Why are my bees dying in the grass?

It seems we become more aware of dead bees in the fall. I think this is partially due to the environment—the grass is not so lush so they are clearly visible and fewer scavengers are around to pick up the dead bodies. We are also more concerned about the health of our bees because the winter looms ahead, so the sight of dead ones makes us anxious. Add to that an accumulation of dead drones near the hive and the number of bodies seems unreal.

Here is a sample question:

Why are there a dozen worker bees, with pollen-laden baskets, dying in the grass in front of the hive? They acted like they were too tired to make it into the hive. Most bees were flying into the hive, but some were just falling into the grass in front of the hive and staying there. They are dying. It was the very end of the day. Maybe the grass was wet or the temperature suddenly got too cold?

The thing to remember is that foraging bees work themselves to death. They just keep foraging until they drop, and that moment may occur out in the field, over your patio (where I always see them), or right in front of the hive. Some die in the hive, some on their way out the door, some take off and fall flat, and some keel over from the sheer weight of the pollen they just collected. Life is not easy for a honey bee.

But here is something to put the numbers in perspective. According to Bees of the World (O’Toole & Raw, 1999) a single honey bee colony will lose about 1000 foraging workers per day in the summer. This makes sense when you realize a queen may lay nearly 2000 eggs in a day. A great number of young is required to replace all those deaths in the field and to expand the hive population as well.

But 1000 dead bees makes a big pile, and remember, that number is per day. Multiply that by the days in a week or month. And how many hives do you have? Two? Three? Twenty-five? What you get is truckloads of natural fertilizer, pre-spread for your convenience.

So relax. As you can see, it is not at all surprising to see dead bees near the hive or anywhere else. And, as I mentioned earlier, the drones are evicted in the fall as well, which increases the body count even further. Pick out a few for a closer look. Although some will be young, most will look worn with bald spots and tattered wings—it’s all part of the natural process.

Rusty
HoneyBeeSuite

Even tiny native bees wear out their wings. This bee is fertilizer in the rough.
Even tiny native bees wear out their wings. This bee is fertilizer in the rough.

Comments

Jane Peters
Reply

Hi Rusty,

Phew!!! I am so happy that I decided to read my e-mails before checking the bee yard this morning. For the past few days I have been wondering and anxious why there are so many dead bees in front of most of the hives . . . Of course I thought the worse things possible!!! How were they going to survive the long winter months with so few bees in the hive now that they are ‘all’ dead outside? Before feeding them I had to go inside and check out what was going on . . .With a my heart in my mouth, I opened hive after hive and found all of them to be doing what they should be doing, working and preparing food for the long winter months ahead.

Thank you for this Rusty.

Regards, Jane

phil gladding
Reply

I really enjoy your website. I get up every morning, make coffee, and go to the pc to look for and read any new information from honey bee suite. It makes my day start out right.

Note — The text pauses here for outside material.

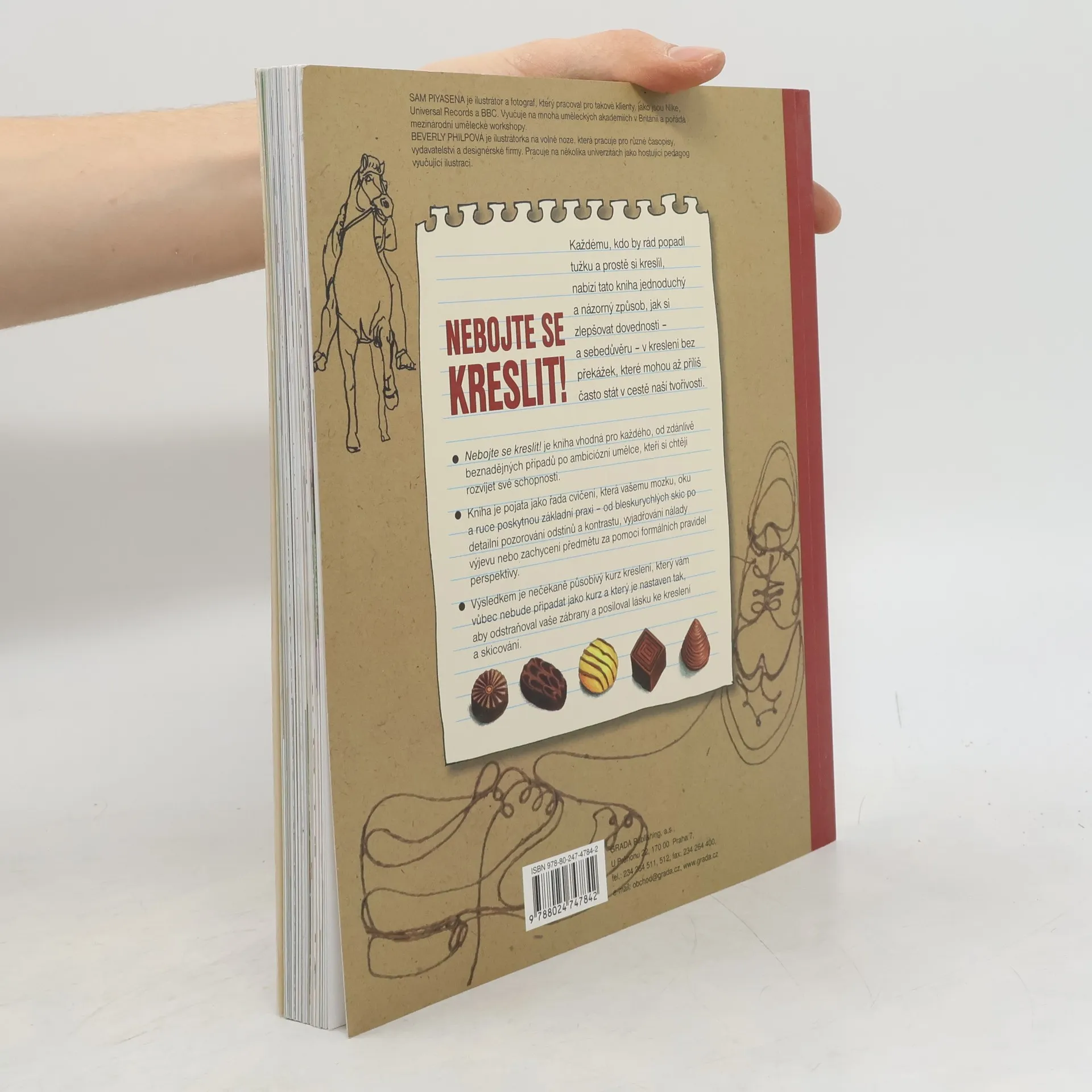 Nejprve prozkoumáme čáry a tahy, které tvoří jádro samotného kreslení. Poté se podíváme na světlo a stín, které dodají vašim kresbám tvar. V následující kapitole se pak budeme zabývat často poměrně ošidným úkolem ztvárnit na plošném obrázku trojrozměrné tvary. Pomůžeme vám vnést do kreseb dojem pohybu a ukážeme vám možnosti používání textur a vzorů. Poslední kapitola vás vybídne, abyste zpochybňovali vlastní předsudky v oblasti kreslení a posílili vlastního tvůrčího ducha. A co je nejpodstatnější, tato kniha vám pomůže rozvíjet a vyjadřovat city a vášně prostřednictvím kresby. Každému, kdo by rád popadl tužku a prostě si kreslil, nabízí tato kniha jednoduchý a názorný způsob, jak si zlepšovat dovednosti – a sebedůvěru – v kreslení bez překážek, které mohou až příliš často stát v cestě naší tvořivosti.Nebojte se kreslit! je kniha vhodná pro každého, od zdánlivě beznadějných případů po ambiciózní umělce, kteří si chtějí rozvíjet své schopnosti. Kniha je pojata jako řada cvičení, která vašemu mozku, oku a ruce poskytnou základní praxi – od bleskurychlých skic po detailní pozorování odstínů a kontrastu, vyjadřování nálady výjevu nebo zachycení předmětu za pomoci formálních pravidel perspektivy. Výsledkem je nečekaně působivý kurz kreslení, který vám vůbec nebude připadat jako kurz a který je nastaven tak, aby odstraňoval vaše zábrany a posiloval lásku ke kreslení a skicování.

A first year bee keeper. Thank you. Phil

Rusty
Reply

Thanks, Phil. You just made my day, too.

Greg
Reply

Hi Rusty, The description of dead piles is so timely. I was a little concerned about the amount of dead on my hive platform. Your explanation makes a lot of sense and right on time!!! Thanks again, Greg

dany
Reply

Robbing will also result in dead bees. I just lost my hive to them!! I’m a rookie at this but, in looking back, I missed the warning signs. Dead bees being one of them.

Rusty
Reply

Dead bees can also be the result of yellowjackets.

ครีมพิษผึ้ง
Reply

This is my first time visit at here and I am genuinely happy to read everything at single place.

Kathleen
Reply

Thank you so much for creating this website. I have learned so much from reading the conversations around the various topics. I look forward to continuing my education from all levels of bee keepers who share their knowledge with us.

Kim
Reply

I think I know the answer to this question but I want to get another opinion. I captured a swarm this spring and placed them into the hive, I am not going to say it was a HUGE swarm but it was decent sized and I was happy with it.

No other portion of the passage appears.